| Exercise |
Leave out every picture and set down, exactly, the lines below from the one holding "Akumulator MOLL EFB łączy" up to and including the one holding "上棟完了、外部敷地いっぱいです。片流れ屋根".

[Data shown — start]

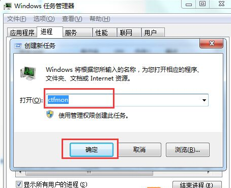 3、然后點擊任務(wù)欄菜單上的 “文件”——“新建任務(wù)”,在彈出的輸入框中輸入ctfmon 并回車
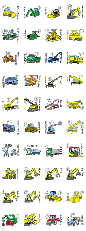 働く車が勢揃い。工事現場で働く重機や特殊車両、運搬車や農業車両など仕事場で頑張る車のスタンプです。現場間の情報交換や子供たちに見せてあげたり、使い方は色々。GOZAWA より発売
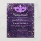 For an elegant Masquerade, Quinceañera, 15th birthday. A deep purple floral lace pattern as background. Decorated with faux silver glitter dust and a masquerade mask. Personalise and add 5 photos, a name, age and party details. The name is written with a hand lettered style script
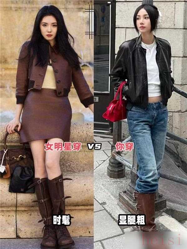 要知道,騎士靴又寬又長的靴筒設計,如果你的大腿和小腿有贅肉,穿上騎士靴反而會顯得更臃腫,壓低身高,讓腿圍更粗。
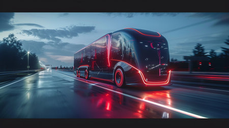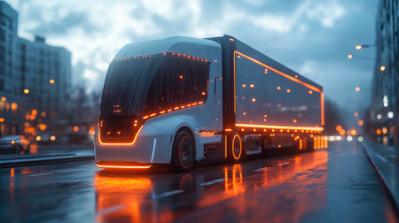 Futuristic autonomous smart truck with neon lights on a rainy night in the city.
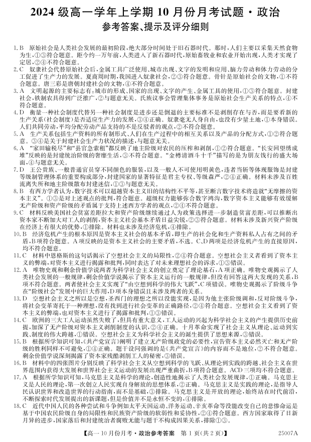 黑龙江省龙东联盟2024级高一学年上学期10月份月考试题政治答案
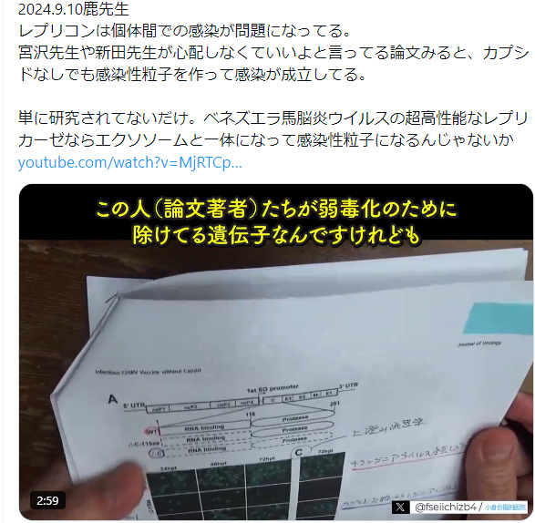 感染性粒子を作り、異常に増幅しやすいベネズエラ馬脳炎のレプリカ―ゼは、ワクチン研究者ならば誰も実験したい。だから鹿先生のこの話も本当は少し違うのだ。鹿先生の言うように単に研究されてないだけ、ではなく、研究はそこそこされているが、単なる失敗だらけで、論文なっていないだけなのである⬇
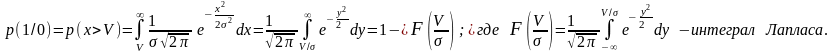 Рассчитаем зависимость р(1/0) и р(0/1) от порогового напряжения V, если шум x(t), поражающий сигнал – нормальный. Вероятность p(1/0) равна вероятности p(z(t)>V) и равна вероятности p(x(t)>V), т.к. при передаче 0 процесс z(t)=x(t). Так как ФПВ помехи x(t) – гауссова с дисперсией σ2 , т.е.:
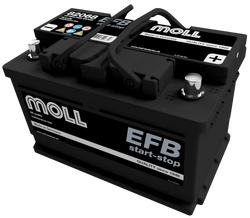 Akumulator MOLL EFB łączy w sobie zalety tradycyjnego akumulatora kwasowego z wysoką wydajnością elektryczną oraz ponad czterokrotnie dłuższą żywotnością cykliczną. Dzięki temu stanowi idealne rozwiązanie dla pojazdów wyposażonych w systemy Start-Stop, rekuperację energii oraz liczne odbiorniki o dużym zapotrzebowaniu na prąd. Doskonała stabilność termiczna sprawia, że akumulator MOLL EFB doskonale sprawdza się również w warunkach podwyższonej temperatury pracy.
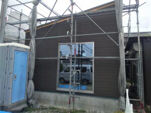 上棟完了、外部敷地いっぱいです。片流れ屋根
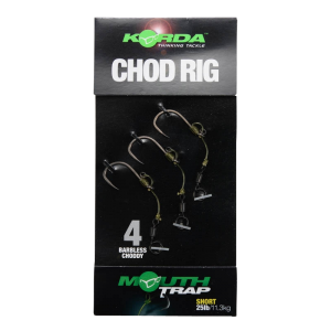 Korda Chod rigs zijn met zorg geknoopt van de beste materialen zoals, Korda Mouth Trap en Korda choddy componenten. Er is gebruik gemaakt van een speciale haakknoop, waardoor het onderlijnmateriaal precies op de juiste hoek het oog van de haak verlaat. Vervolgens is het onderlijnmateriaal precies de juiste vorm gegeven, waardoor dit één van de meest effectieve aaspresentaties is geworden in het moderne karper visserij. Wees er zeker van dat de rubberen kralen nat zijn gemaakt als je deze rig gebruikt. Het is immers erg belangrijk dat de rubberen kralen onder lichte druk gemakkelijk kunnen verschuiven. Hierdoor is de veiligheid van de karper gegarandeerd bij lijnbreuk. Gebruik een pop-up met voldoende drijfvermogen, hierdoor zal het aas tijdens de duur van de vissessie de Chod rig in de juiste positie kunnen houden. De Korda Chod rig kan eenvoudig gemaakt worden op de hoofdlijn, of door gebruik te maken van het Kable leadcore leader materiaal.
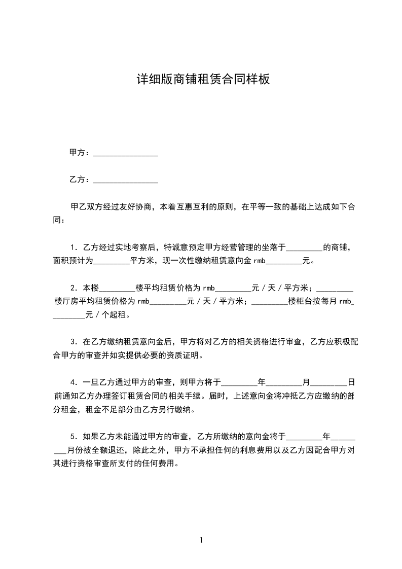 详细版商铺租赁合同样板
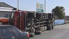 重型货车行驶中被风吹倒
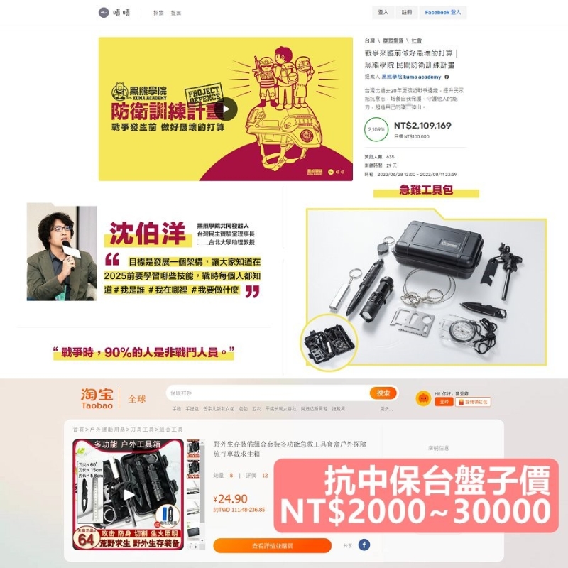 圖自黃士修臉書賬號 沈伯洋向來熱衷於炒作大陸對台灣進行“認知作戰”,宣揚“抗中保台”,傳播對立情緒,也因此得到綠營和綠媒的青睞,頻頻以專家身份在媒體上曝光,賺取流量。 嚐到“反中”的甜頭後,沈伯洋開始“流量變現”。沈伯洋近年創立了一所名為“黑熊學院”的教育機構。據悉,這個教育機構大有來頭,其網站資料顯示,島內防務部門轄下“國防安全研究院”的“國安所所長”沈明室和“國防戰略與資源研究所所長”蘇紫雲都曾親自為其背書推薦。 該教育機構宣稱為了“反中保台”,民防動員刻不容緩,并由此推出軍事知識、民間防衛、情報通訊等課程。 有信眾甚至大贊專業,“台軍的新訓課程應該外包給你們才對!” 不過,賣課割韭菜已經不能滿足沈伯洋了。6月28日,沈伯洋又通過“黑熊學院”發起名為“防衛訓練計劃”的募資計劃。該計劃以“抗中保台”之名推出急難工具包、主題T恤衫、臂章、貼紙等商品,套餐價格由1000至30000元不等。 至今,網站數據顯示已有6百多人購買過,涉及金額超過2百萬元。 就在沈伯洋“袋袋平安”時,島內論壇PTT有網民7月9日爆料稱,自己通過以圖搜圖功能,發現這個募資計劃出售的急難工具包竟然跟淘寶商品一個樣,而淘寶同款價格僅需58元人民幣,約合257元。 該網民進一步咨詢淘寶商家後發現,若訂1千套還能打個折,單價降至209元。 而據沈伯洋募資網站價格,一個急難工具包、一件T恤、一個臂章、一組貼紙要價高達2000元。 事件曝光後,島內網民直呼“智商稅”! 昨日(13日),“核能流言終結者”組織創辦人黃士修轉載爆料時稱,他甚至在淘寶找到特價24.5元人民幣(約合109元)的淘寶同款。 黃士修表示,這幾年,沈伯洋頂著資訊戰專家的頭銜招搖撞騙,他成立的民主實驗室就是民進黨認知作戰中心之一,整天喊“中共認知作戰”。 黃士修又指,沈伯洋搞的這個“黑熊學院”就是方便跟著民進黨一起割韭菜。他感嘆,“台獨”真慘,老的要被民進黨當局詐騙,小的要被“台獨”募資詐騙,智商稅從小繳到大,可憐呐。 經黃士修轉載後,事件進一步發酵。就在今早,沈伯洋的募資網站突然顯示無法訪問。

[Data shown — finish]

| Answer section |
 Akumulator MOLL EFB łączy w sobie zalety tradycyjnego akumulatora kwasowego z wysoką wydajnością elektryczną oraz ponad czterokrotnie dłuższą żywotnością cykliczną. Dzięki temu stanowi idealne rozwiązanie dla pojazdów wyposażonych w systemy Start-Stop, rekuperację energii oraz liczne odbiorniki o dużym zapotrzebowaniu na prąd. Doskonała stabilność termiczna sprawia, że akumulator MOLL EFB doskonale sprawdza się również w warunkach podwyższonej temperatury pracy.
 上棟完了、外部敷地いっぱいです。片流れ屋根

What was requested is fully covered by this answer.